25. A 250:5 CT is used along with an ammeter. If the ammeter reading is 2.7 A, estimate the line current.
135 A
50 A
13.5 A
2.7 A
Answer.1. 135 A
Explanation:
Given, CT ratio = 250/5 = 50
Measured value = 2.7 A
Hence, estimated line current = measured value × CT ratio
⇒ estimated line current = 2.7 × 50 = 135 A
26. A voltmeter has a resistance of 300 Ω and an inductance of 0.12 H. This instrument reads correctly on DC. What is the reading on AC at 100 V when the frequency is 25 Hz?
27. While comparing ammeter and milliammeter the highest resistance will be in
Ammeter
Milliammeter
Both have same resistance
None of the above
Answer.2. Milliammeter
Explanation:
A milliammeter has high resistance than that of a voltmeter
Shunt Resistance
$S = \frac{{{I_g} \times G}}{{I – {I_g}}}$
Where
Ig is the maximum current that can pass through the galvanometer
I is the range of the ammeter.
It is clear that meters of the smaller current range (i.e. milliammeter) must have a greater value of shunt resistance. Now effective resistance of meter = GS/G +S. Since the value of S (shunt resistance) is more for milliammeter, it will have a higher resistance than that of the ammeter.
28. Out of the three ammeter, Voltmeter, Galvanometer which one has the lowest resistance?
Ammeter
Voltmeter
Galvanometer
All have same resistance
Answer.1. Ammeter
Explanation:
Out of the three, the ammeter has the lowest resistance. A galvanometer is converted into an ammeter by connecting a low resistance in parallel with it so that the effective resistance of the ammeter is less than that of the galvanometer (effective resistance is less than the least value of the two resistances).
A galvanometer is converted into a voltmeter by connecting a high resistance in series with it so that a voltmeter has a very high resistance than that of the galvanometer.

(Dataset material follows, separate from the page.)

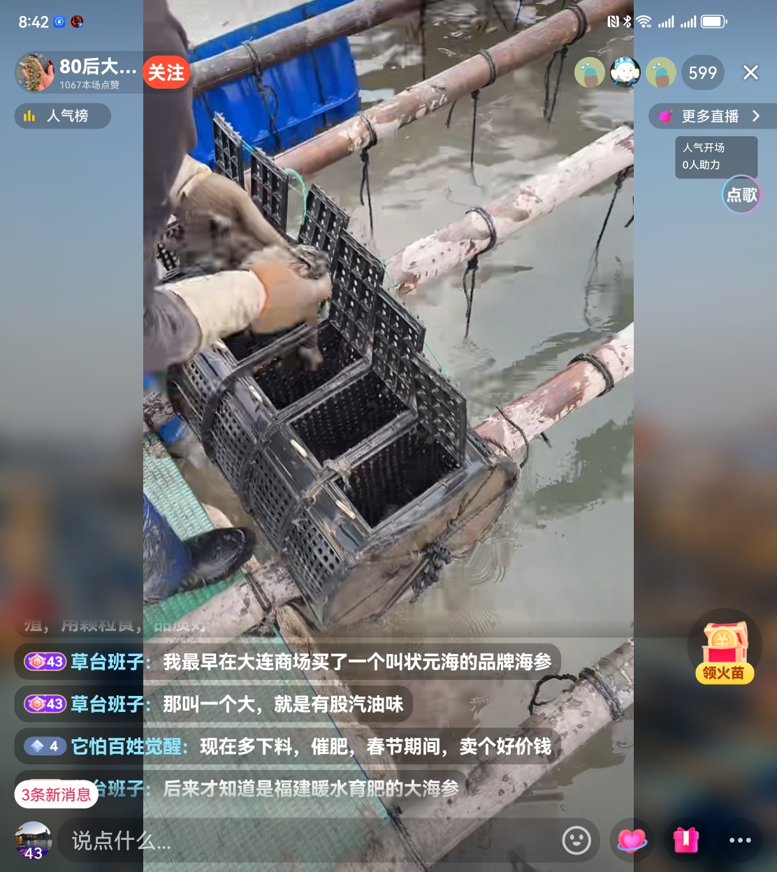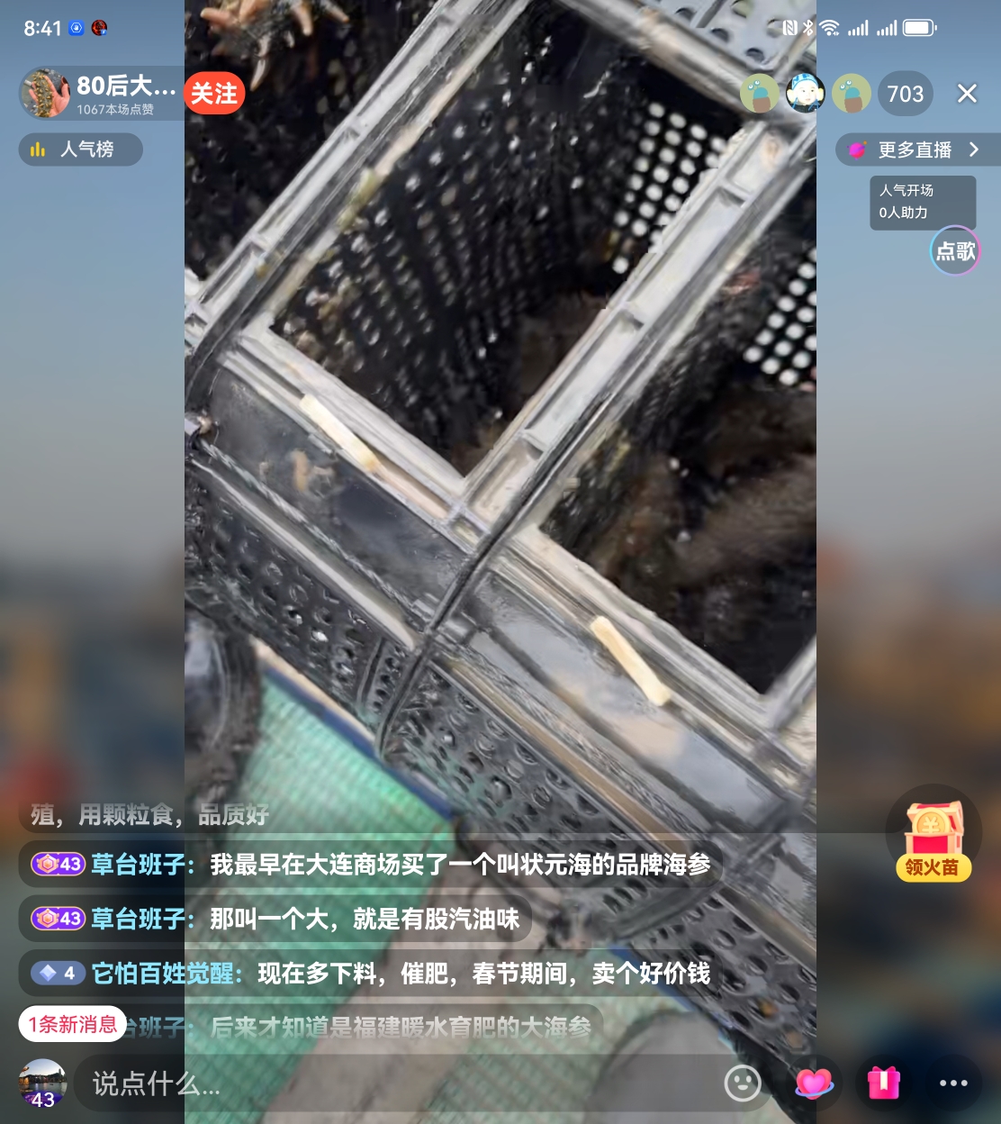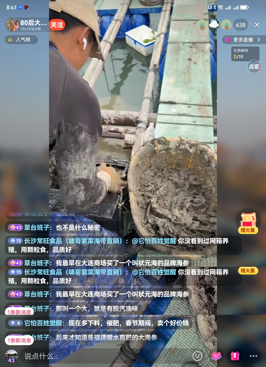 $獐子岛(SZ002069)$ 福建暖水育肥的吊龙参直播间人数很炸裂啊。不知道这种吃海带拌海泥的育肥参有几人懂,獐子岛能不能弄个在海上或海底直播间,让你全国人民看看,海参的主要营养是海底矿物质,不是靠吃海带的。

29. When an ammeter is put in a circuit, it reads less than the actual current in the circuit because
Ammeter is faulty
Ammeter is not calibrated
Circuit Current Decrease
All of the above
Answer.3. Circuit Current Decrease
Explanation:
When an ammeter is put in a circuit, it reads less than the actual current in the circuit because When an ammeter is put in the circuit, the circuit current decreases slightly due to the resistance of the ammeter. Therefore, it reads less than the actual current in the circuit.
30. Out of the three ammeter, Voltmeter, Galvanometer which one cannot measure alternating current?
Ammeter
Voltmeter
Galvanometer
All have same resistance
Answer.3. Galvanometer
Explanation:
A moving coil galvanometer measures the average value (d.c.) of current. Since the average value of an alternating current over a complete cycle is zero, a moving coil galvanometer cannot detect alternating current in a circuit.